これまでにブログで紹介した論文一覧はこちら→リンク

2017年3月29日水曜日

第8回長崎臨床検査Reversed-CPC(R-CPC)研究会

 3月25日(土)に、長崎大学医学部良順会館で第8回長崎臨床検査Reversed-CPC(R-CPC)研究会を開催しました。

 R-CPCの1症例目の担当は長崎大学病院の碇技師で、粟粒結核の症例でした。血液検査データは非特異的で他の疾患との鑑別が難しく、大変有意義なディスカッションができました。また、2症例目は長崎大学病院の森技師が担当で、溶血性尿毒症症候群の症例でした。こちらも様々な観点から意見が出ており、追加検査などの結果から多くの班が答えまでたどり着いていました。どちらの症例も、積極的な話し合いが行われており、とても有意義な会になったと思います。

 特別講演は、産業医科大学病院臨床検査・輸血部教授 竹内 正明先生をお招きし、「心エコーの精度管理の現状と将来」というタイトルでお話をしていただきました。

 次回開催については、詳細が決まりましたら検査部のホームページやFacebookでお知らせいたしますので、是非ご参加ください。
 初めての方や研修医・学生も大歓迎です。参加の連絡は不要ですので、お気軽にお越しください。

これまでのR-CPCの報告は→リンク



2017年3月28日火曜日

血液培養検査推進キャンペーン・環境感染誌(原著論文)

塚本千絵、小佐井康介、志岐直美、寺坂陽子、今村政信、賀来敬仁、田代将人、塚本美鈴、栗原慎太郎、泉川公一、迎寛、栁原克紀. 当院における血液培養検査推進キャンペーンとその効果. 環境感染誌. 31 (4): 241-246, 2016


 当検査部の生理機能検査室所属の塚本技師がICT活動を行っていたときの検討が、日本環境感染学会の学会誌である日本環境感染学会誌に原著論文として掲載されています。

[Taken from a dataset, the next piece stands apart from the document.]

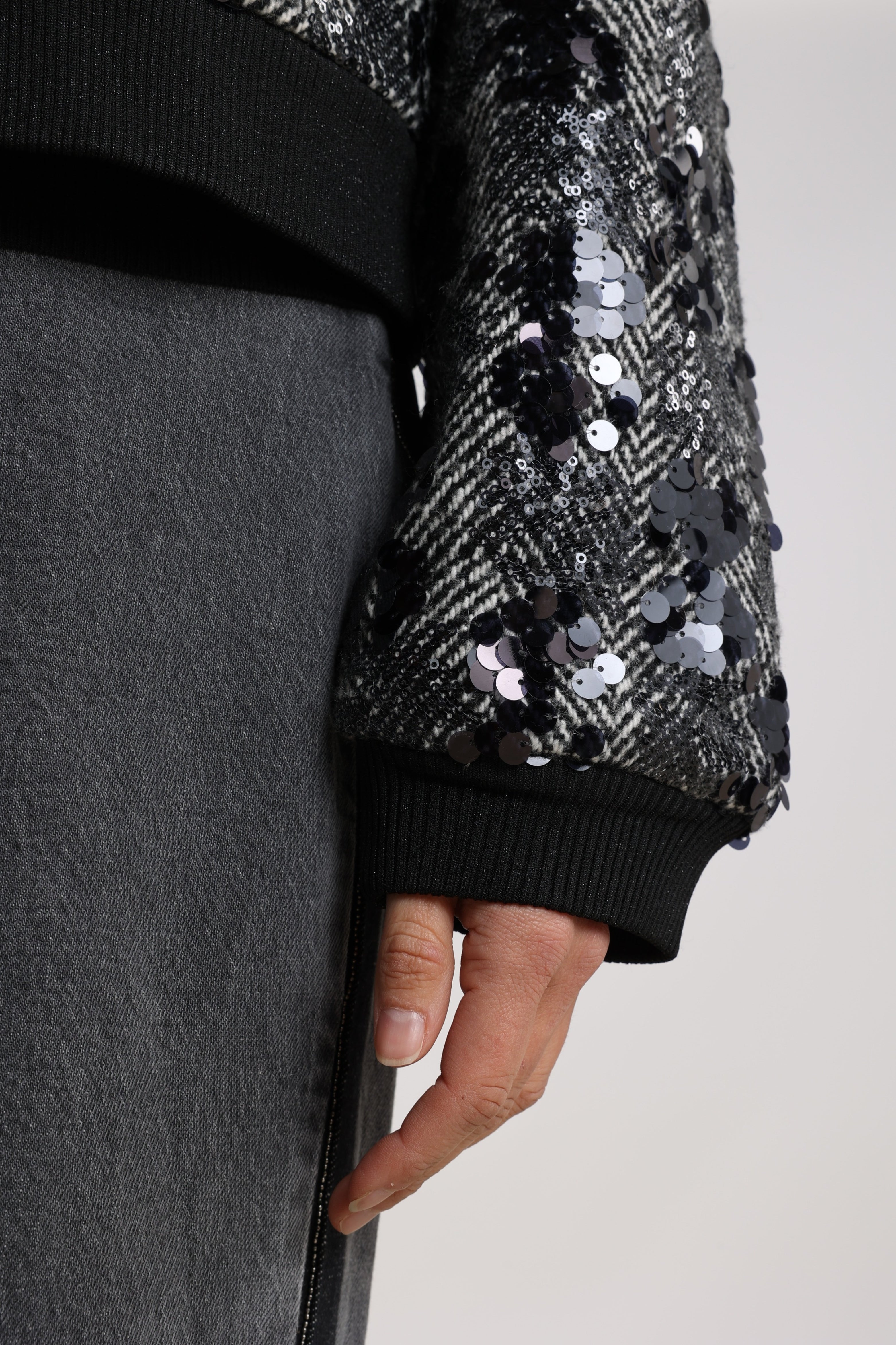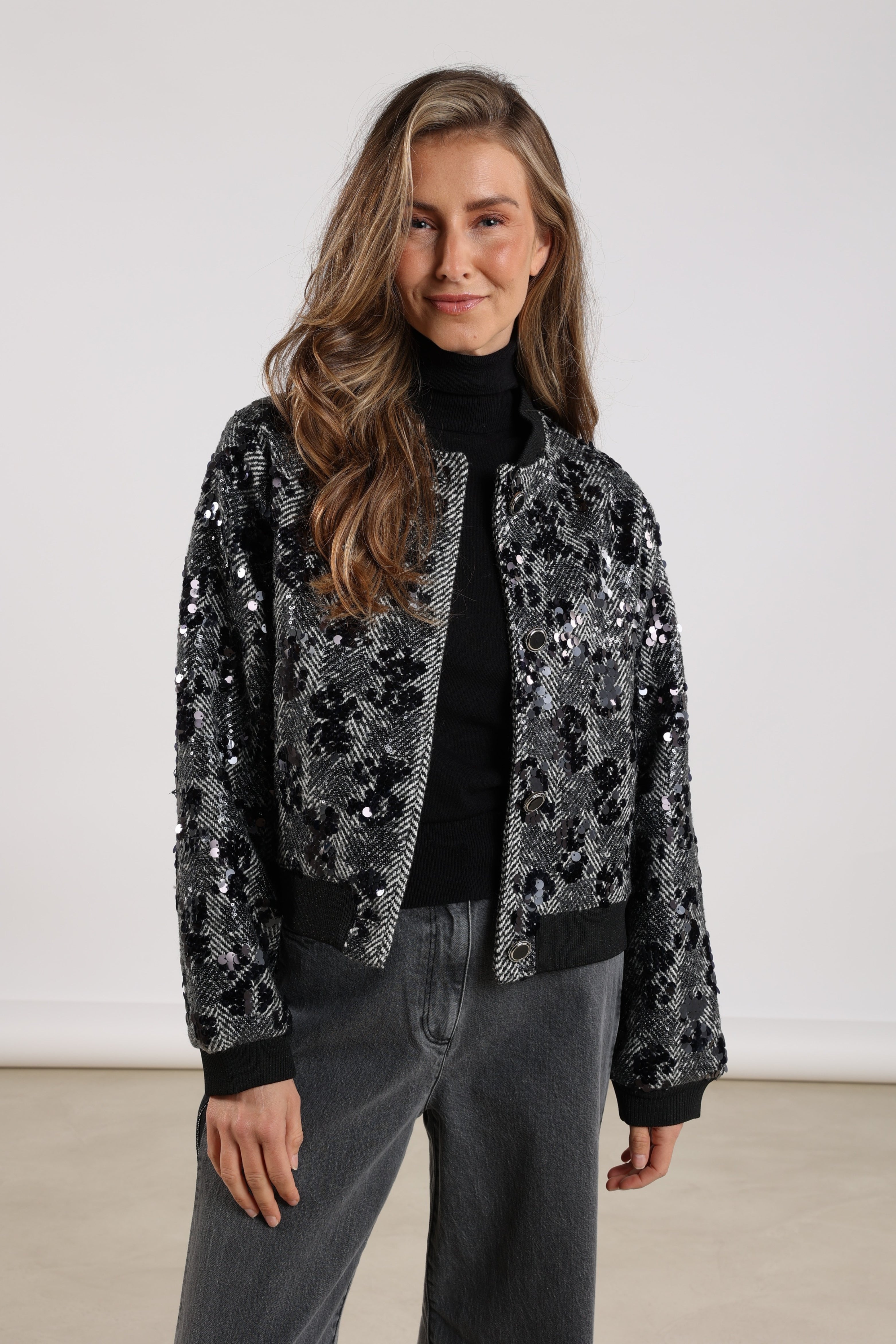 Het Mia Jacket van Nukus in Offwhite Black is een kort jasje met sprankelende pailletten. Met drukknoopsluiting en geribde boorden geeft dit stijlvolle jasje elke look een feestelijke touch.
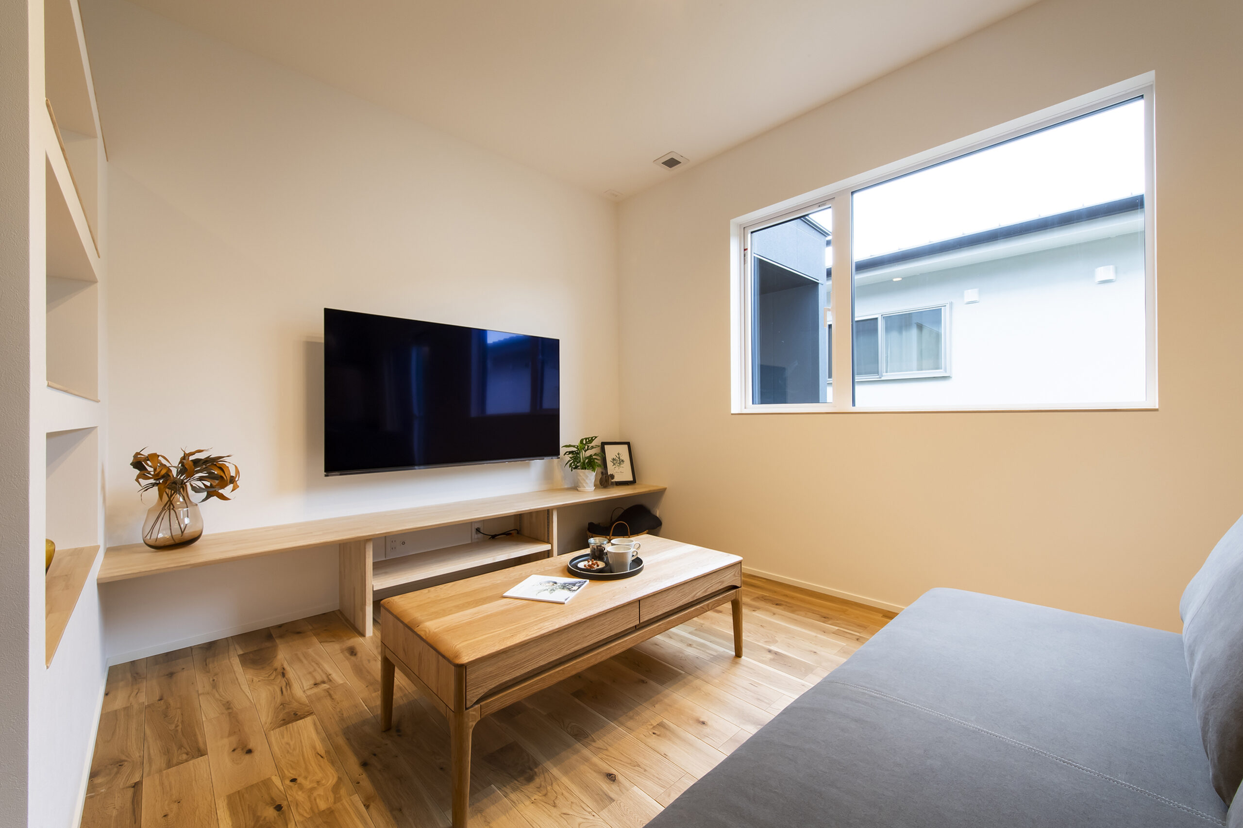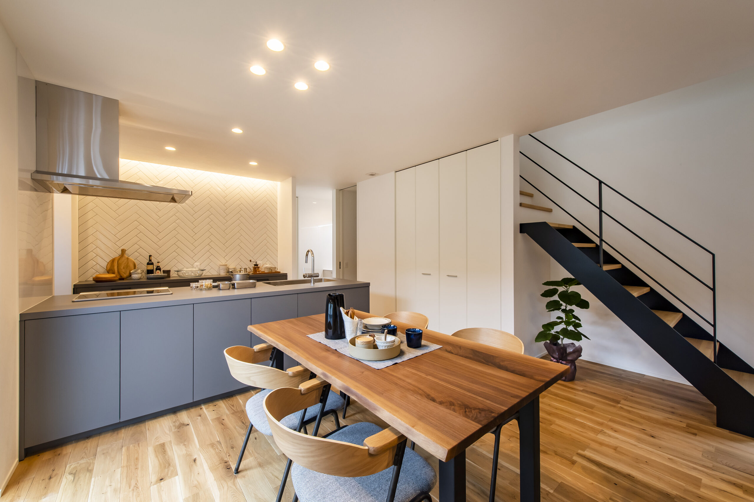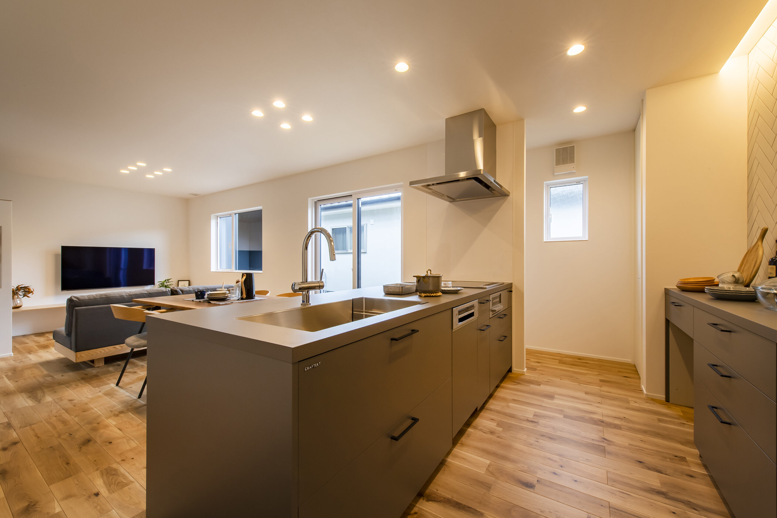 のどかな環境になじむとともに、カッコいい外観を持ち、板張りアクセントの大きな玄関ポーチと、プライベート空間(庭)を確保しつつ風通しも考慮された設計が特徴。広々としたLDKへ続く玄関を開けると、家族に丁度良い落ち着くリビングが広がります。キッチン背面に使用された大好きな白いタイルは、間接照明のあかりでより一層引き立てられ、毎日の料理が一層楽しくなります。また、冷蔵庫もスマートに収納され、キッチンスペースが広々としています。リビングに隣接する家族の書斎には、大型の本棚が設けられ、書籍を自由に飾ることができます。2階の主寝室は、たくさんの日差しを取り込む設計で、さらにWICも完備されています。バランスよく配置された収納スペースとともに、ここには家族の安心と快適さが詰まっています。

 本検討では、当院で行った「適切な血液培養検査の推進キャンペーン」とその効果について評価をしました。キャンペンの結果、2009年と2014年を比較すると、血液培養の提出セット数は3,168から4,920に増加し、複数セット採取率は、入院/外来の30.6%/43.0%から73.3%/85.7%まで増加しました。一方でコンタミネーション率は3.5%から2%後半まで低下しています。
 本検討から、複数の推進活動を組み合わせて継続的に実施することで、現場の医療従事者に適切な血液培養検査の考え方が浸透することがわかりました。なお、セット数および複数セット採取率は、2015年以降も増加しています。